Activity
What you return must match the records exactly, except that the pictures are gone.

————

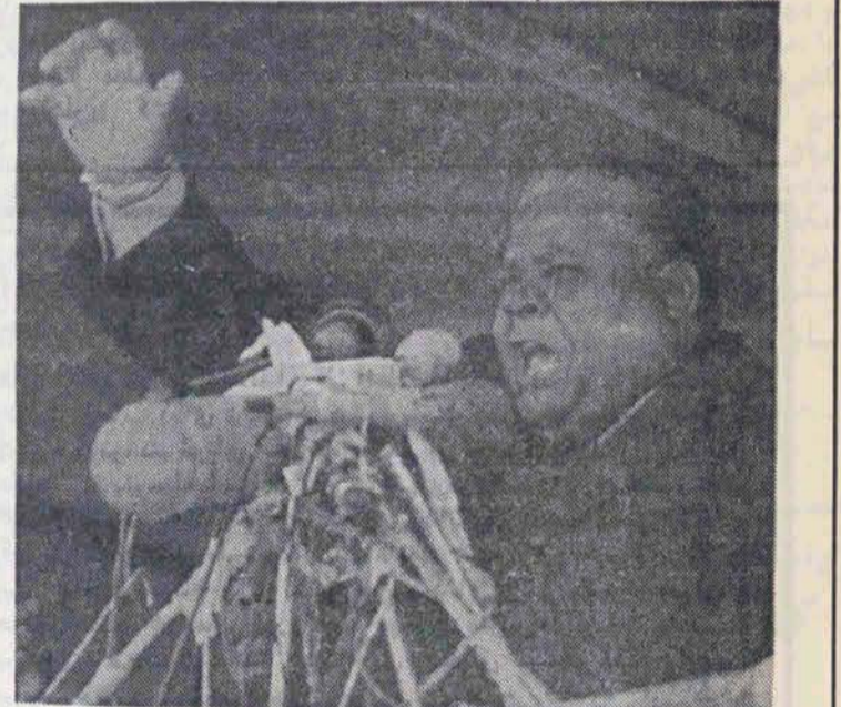
جوشوانکومو رهبر جبهه میهن پرستان رودزیا در حال سخنرانی

س - جبهه میهن پرستان به دو شاخه تقسیم شده است که یکی بوسیله شما و دیگری توسط "رابرت موگابه" رهبری میشود. موگابه امیدوار است که در انتخابات بطور جداگانه شرکت کند. آیا شما از اینکه او در مبارزات سیاسی آینده متحد شما نخواهد بود مأیوس نیستید؟ ج - بله. من علاقه داشتم که با هم می‌ماندیم. من هنوز امیدوارم که او در تصمیم خود تجدید نظر کند.
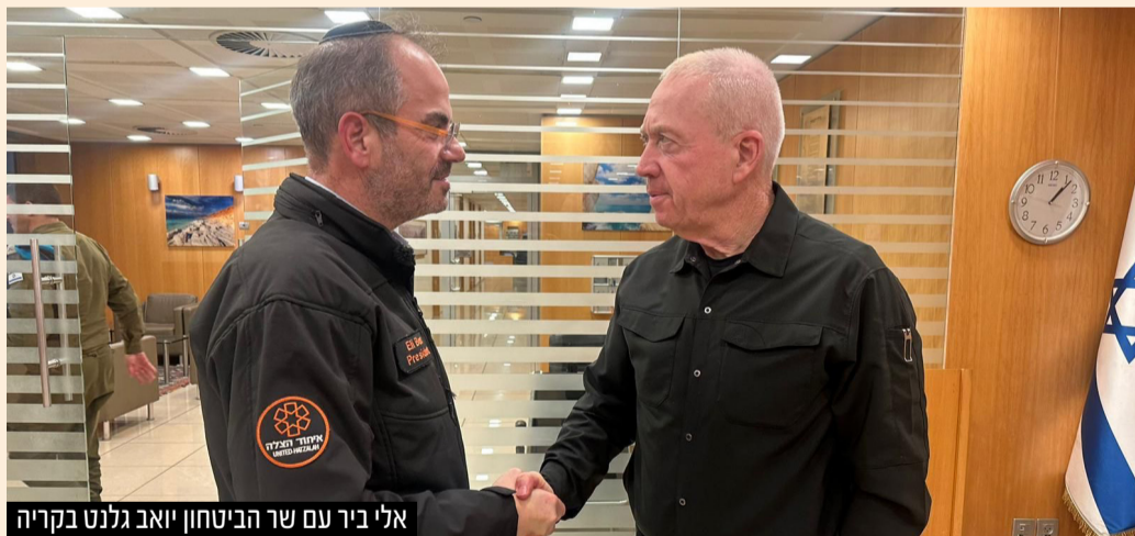
אלי ביר עם שר הביטחון יואב גלנט בקריה

נשיא ומייסד איחוד הצלה אלי ביר נפגש עם שר הביטחון יואב גלנט בלשכתו שבקריה בתל אביב ששיבח את פעילות המתנדבים: "הצלתם חיי אדם תחת אש המרצחים וזה לא מובן מאליו, אנחנו מעריכים את זה מאוד"
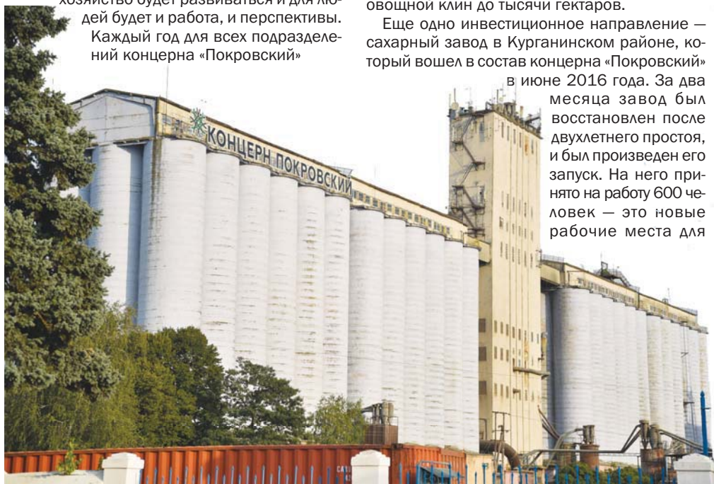
Элеватор на 100 тысяч тонн длительного хранения

Особым образом Лабинская группа концерна «Покровский» выстраивает отношения с пайщиками. В лице местных фермеров есть конкуренция за земли пайщиков, и многие фермеры в этом деле не гнушаются методами: пытаются очернить концерн «Покровский», донести недостоверную информацию, запугать — словом, любым способом оттянуть земли пайщиков. Руководство Лабинской группы в такие дискуссии не вступает. Стараются завоевать пайщиков не за счет домыслов и слухов, а за
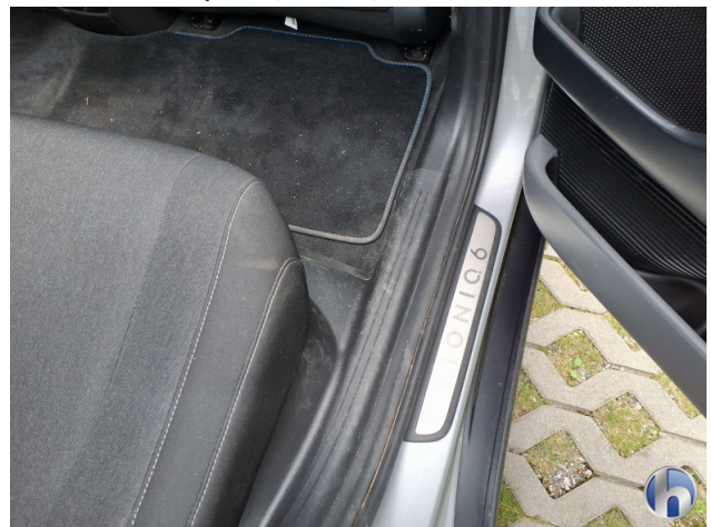
10. Verkleidung Verschmutzt - Reinigen 50,00 € / 50,00 €
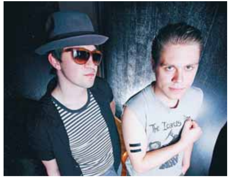
Kárius og Baktus partihaldarar.
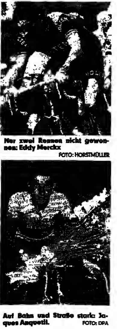
Auf Bahn und Straße stark: Jacques Anquetil.
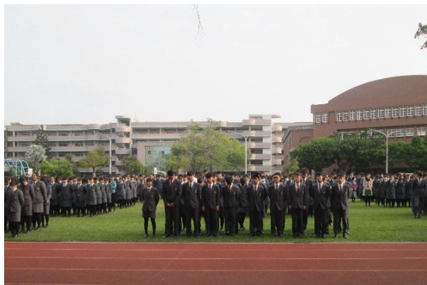
(同學專心聆聽訓導)
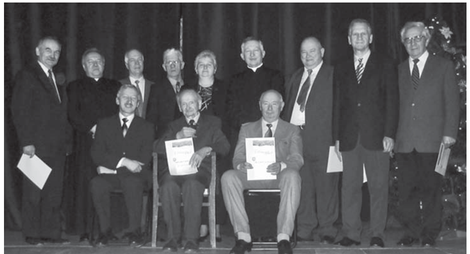
Członkowie TPT obecni podczas Jubileuszu
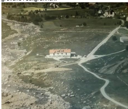
På Hovland hvor det senere ble bl.a. «Søndagskafe»

————

Answer
جوشوانکومو رهبر جبهه میهن پرستان رودزیا در حال سخنرانی

س - جبهه میهن پرستان به دو شاخه تقسیم شده است که یکی بوسیله شما و دیگری توسط "رابرت موگابه" رهبری میشود. موگابه امیدوار است که در انتخابات بطور جداگانه شرکت کند. آیا شما از اینکه او در مبارزات سیاسی آینده متحد شما نخواهد بود مأیوس نیستید؟ ج - بله. من علاقه داشتم که با هم می‌ماندیم. من هنوز امیدوارم که او در تصمیم خود تجدید نظر کند.
אלי ביר עם שר הביטחון יואב גלנט בקריה

נשיא ומייסד איחוד הצלה אלי ביר נפגש עם שר הביטחון יואב גלנט בלשכתו שבקריה בתל אביב ששיבח את פעילות המתנדבים: "הצלתם חיי אדם תחת אש המרצחים וזה לא מובן מאליו, אנחנו מעריכים את זה מאוד"
Элеватор на 100 тысяч тонн длительного хранения

Особым образом Лабинская группа концерна «Покровский» выстраивает отношения с пайщиками. В лице местных фермеров есть конкуренция за земли пайщиков, и многие фермеры в этом деле не гнушаются методами: пытаются очернить концерн «Покровский», донести недостоверную информацию, запугать — словом, любым способом оттянуть земли пайщиков. Руководство Лабинской группы в такие дискуссии не вступает. Стараются завоевать пайщиков не за счет домыслов и слухов, а за
10. Verkleidung Verschmutzt - Reinigen 50,00 € / 50,00 €
Kárius og Baktus partihaldarar.
Auf Bahn und Straße stark: Jacques Anquetil.
(同學專心聆聽訓導)
Członkowie TPT obecni podczas Jubileuszu
På Hovland hvor det senere ble bl.a. «Søndagskafe»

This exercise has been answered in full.